Home Construction Groundbreaking held for affordable housing at Tarrytown YMCA site

Groundbreaking held for affordable housing at Tarrytown YMCA site

A project to create 109 units of affordable housing targeted at people age 55 and up along with much-needed municipal parking at the Family YMCA of Tarrytown at 62 Main St. got underway with a June 9 groundbreaking ceremony.

Wilder Balter Partners Inc. of Chappaqua is the developer. New York state’s Homes and Community Renewal (HCR) division has been working on the project. The state’s Housing Finance Agency, Westchester County and the Tarrytown Housing fund in partnership with the Housing Action Council have provided financing to help get the project off the drawing boards.

The 1.12-acre parcel has frontage on both Main Street and Windle Park. The plan is for adaptive reuse of the four-story YMCA, which was built about 1911 and has an addition from 1915.

Two buildings at the rear of the main YMCA building would be demolished and a four-story building would go up. The project would include an underground residential parking garage and a ground-level municipal parking garage. There would be about 106,000 square feet of residential space and 65,000 square feet of parking and nonresidential space.

The mix of new apartments would include 14 studios and 95 one-bedroom units. They would be made available to people earning between 30% and 70% of the Westchester area median income.

YMCA Tarrytown
The groundbreaking for the new housing took place on June 9. Photo by Peter Katz

The YMCA has been providing single room occupancy units at the 62 Main St. facility. It has about three dozen residents. The plan calls for moderate upgrades to be made to their existing rooms to ensure safe living conditions while construction is underway. When new units are available, the residents would move into them. The nonprofit Housing Action Council in Tarrytown, would manage the relocation plan.

The total development cost is estimated by the state as $52,989,335 or $486,141 per unit. The state funding includes: $29,690,000 in bonds and mortgage loan; an estimated $11,944,628 in a Housing Finance Agency subsidy loan; and $1,665,630 in low-income housing tax credits.

Other sources and subsidies include approximately: $5 million in New Homes Land Acquisition funds from the Westchester County Department of Planning; Federal Solar Tax Credit Equity of $102,695; Federal Geothermal Tax Credit Equity of $287,892; $85,400 in New York State Energy Research and Development Authority funds; a Housing Development Fund Company subordinate loan of $9 million; and, a 30-year PILOT agreement with the village of Tarrytown and town of Greenburgh providing real estate tax exemption benefits.

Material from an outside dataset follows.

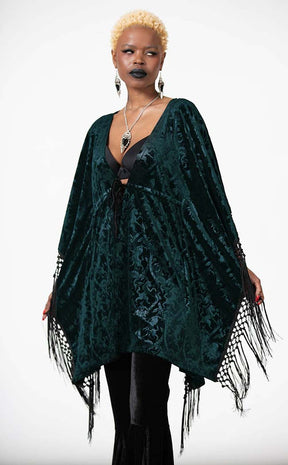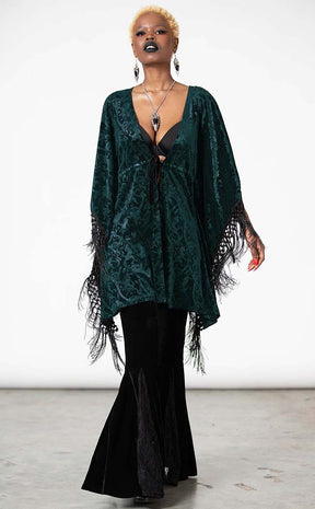 Complete your outfit the right way with the Mythic Mind Kimono. Soft, stretch velvet is embossed with an elaborate beast print, forming this relaxed fit kimono. The sleeves are trimmed with a tassel fringe and the kimono secures with a tie front.

“It will have a green roof courtyard that will sit right above the municipal parking level that will be shared by all of our residents,” developer William G. Balter told the guests who had assembled under a tent in a municipal parking lot adjacent to the project site for the groundbreaking.

“There will be on-site amenities including a club room and a gym, central laundry, and then, because this is a historic property, what we’re doing to preserve that history in addition to doing an adaptive reuse on the original building, we’re creating a history wall in our library and we’re working with the village historian to take the history of this property and make sure it’s preserved so when people walk into the building they know what was here before we got here.”

Balter said that although the existing YMCA has gas service from Con Edison and they could have made a case that the new project should be able to continue using that service despite the Con Ed moratorium on new hookups, a decision was made to go all-electric using energy-efficient geothermal heat pumps for heating, hot water and air conditioning.

Other environmentally sensitive features designed to earn the building gold LEED certification include solar panels, low-flow plumbing fixtures and Energy Star lighting.

Tarrytown Mayor Thomas D. Butler Jr. welcomed the new housing in part because it’s aimed at seniors.

“As seniors in this town begin to downsize they’re looking for a place that they can stay in Tarrytown but downtown, close to the waterfront and shopping and everything, so this makes this project a wonderful idea,” Butler said.

“It preserves and restores the historic facade of the YMCA on Main Street and adds 65 plus or minus much-needed municipal parking spaces for our residents and downtown business district.”

Westchester’s Deputy County Executive Ken Jenkins echoed Butler’s sentiments by saying, “You have 109 affordable apartments that are going to be available for the people of Westchester County. When we have people downsizing and they’re looking to do different things we want to be sure they’ll be able to stay in the community.”

RuthAnne Visnauskas, commissioner and CEO of HCR for the state, said the project meets her agency’s goal of “creating quality affordable housing where it’s needed, especially in communities in Westchester that don’t always have access to it. It’s got an enormous amount of energy efficiency measures that will really provide a healthy environment for future residents who will also benefit from lower energy costs. These are part of our larger efforts statewide.”

Visnauskas pointed out that her agency has invested a little over a billion dollars in Westchester during the last 10 years to help create 6,600 apartments. She said that HCR  has other projects being built in Yonkers, New Rochelle and Peekskill.

“The only thing better than a groundbreaking is when we get to come back and see people moving in,” Visnauskas said.